Willem van Weeghel was born in 1956 in the city of Wageningen, the Netherlands. In Van Weeghel’s work, movement is the central means of expression. He creates changing structures that appear to move in the transitional area between chaos and order, between variability and uniformity, between volatility and consistency. As a reconciliation of opposites. Artwork and technique Van Weeghel’s kinetic objects are characterized by a serial use of T-shaped or lineair elements on a monochrome surface of which the form is generally of less importance than the movement these elements make. The moving elements form and dissolve patterns in a continuous and fluid movement of forms. The seemingly random movements of these objects are controlled by an integrated computer system that control a sophisticated mechanical system, which however is not visible to the spectator.

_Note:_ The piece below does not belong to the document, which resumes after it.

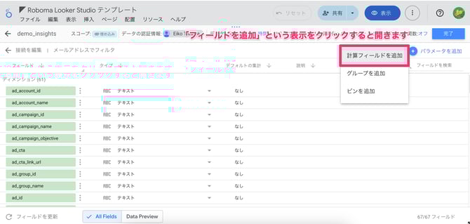 広告Robomaでは、Looker Studioの計算フィールド機能を活用して、広告データをより分かりやすい形で表示できます。このページでは、広告媒体名を統一的に表示するための計算フィールドの作成方法について説明します。

The artist makes use of advanced and sophisticated technology, which is kept from view and which is only instrumental. Message Identical elements with identical movement options together form constantly changing structures. Like dancers executing a complex choreography. The forms the artist uses merely function as the instruments to make movement visible and, therefore, these are as simple as possible. The coordinated movement of the moving elements creates the complexity. Instrumental in an attempt to comprehend the constant movement in which structures appear and then disappear again. In an attempt to visualize the passage of time. The use of the technical, kinetic art for Van Weeghel is the optically alluring means to a deeper understanding of how to build order out of chaos. Works by Willem van Weeghel are included in various private, public and museum collections.
Dutch exhibiting artists at Wanrooij Gallery’s booth are:
The London-based gallery features Dutch artist Isabelle van Zeijl at its booth. Fine Art Photographer Isabelle van Zeijl explores the aesthetics and technics of the past to re-invent a contemporary artwork in her practice. Boundaries fade as she blends techniques and idiom of the old masters with present-day aesthetics to create striking portraits. By evoking both alienation and recognition, while addressing our collective memory, her photographs seduce the audience. By framing her own appearance within the broader context of the classical canon Van Zeijl explores beauty. Digitally composing her photographs like a painter by using techniques of the past, her work never compromises on authenticity. Even though she is both creator, object, and subject, her fine art photography reaches beyond the genre of self-portraiture, creating a universal woman and a vision of female aesthetics over time. With each portrait, Isabelle gets closer to both her personal truth and an all-embracing meaning of beauty that transcends time and age. Isabelle van Zeijl was shortlisted for the 2017 Young Masters Emerging Woman Prize, for which she was Highly Commended.